According to a published perspective in the online March 14, New England Journal of Medicine (NEJM), the concern over Pradaxa may be due to heightened vigilance and “stimulated reporting” and not because there are more patients injured by the drug when compared to other anticoagulants.

The perspective article is authored by researchers within the FDA’s Center for Drug Evaluation and Research (CDER).

It flies in the face of adverse event reports (FAERS) coming into the FDA that claim Pradaxa users experienced excessive and uncontrolled cerebral, rectal and gastrointestinal bleeding have resulted in over 500 deaths.

It also conflicts with the findings of the Institute for Safe Medication Practices (ISMP), a nonprofit that monitors drug safety. According to the group, Pradaxa is at the top of the list of over 800 medication complaints the group monitors.  And ISMP reported earlier this year that Pradaxa users were five times more likely than warfarin users to have a fatal outcome.

This is the same division within the FDA that approved Pradaxa (dabigatran) in late 2010 as a more convenient alternative to the 1954-approved warfarin to treat the risk of stroke in patients with nonvalvular atrial fibrillation, that is AF not caused by heart valve problems.

They used the RE-LY trial (Randomized Evaluation of Long-term Anticoagulation Therapy) as a basis for the FDA approval. The RE-LY trial found no difference in the cases of excessive and uncontrolled bleeding when comparing Pradaxa to warfarin. The FDA also looked at insurance records and its own internal data to come to that conclusion.

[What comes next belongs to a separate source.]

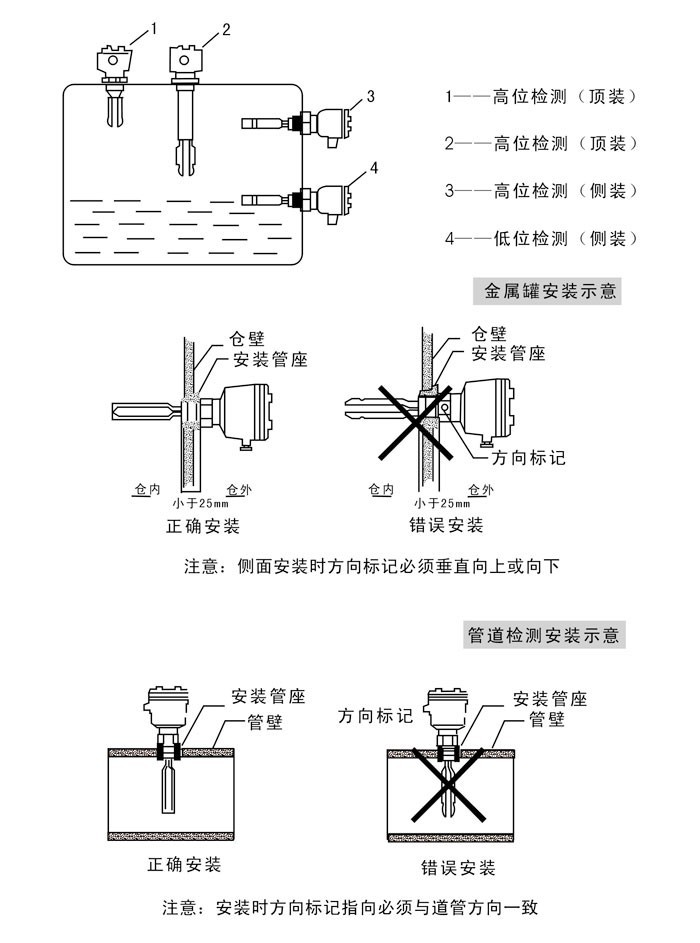 音叉式物位開(kāi)關(guān)通常采用側(cè)裝(在倉(cāng)壁側(cè)面安裝)方式安裝與倉(cāng)體側(cè)壁對(duì)料位高度進(jìn)行上下限位置的檢測(cè);當(dāng)倉(cāng)體不便側(cè)面開(kāi)孔時(shí)可采用頂裝(在倉(cāng)的頂部安裝)方式安裝,位置應(yīng)選擇能避開(kāi)進(jìn)料時(shí)物料沖擊的位置;亦可安裝與管道上防止泵的無(wú)料運(yùn)行。

What any report on adverse drug events should consider is the degree to which the drug maker takes advantage of a waiver to submit to the agency any report about an adverse event that the drug maker considers “not serious.” How might these waivers affect the unreliability of the data gathered?

The heightened vigilance concerning Pradaxa does not extend to the drug’s warning. Many patients and their doctors still do not understand there is no reversal agent to this anticoagulant as there is with warfarin. The only treatment is dialysis which is not a practical solution if you are bleeding to death. And, that is the real danger for people who urgently require reversal and bleed out because no agent is available to accomplish reversal of the anticoagulant effects of Pradaxa.

Yet the FDA continues to defend releasing Pradaxa with no antidote.

Meanwhile the manufacturer, Boehringer Ingelheim, plans to continue looking for a reversal agent and the FDA plans to continue postmarket surveillance of Pradaxa.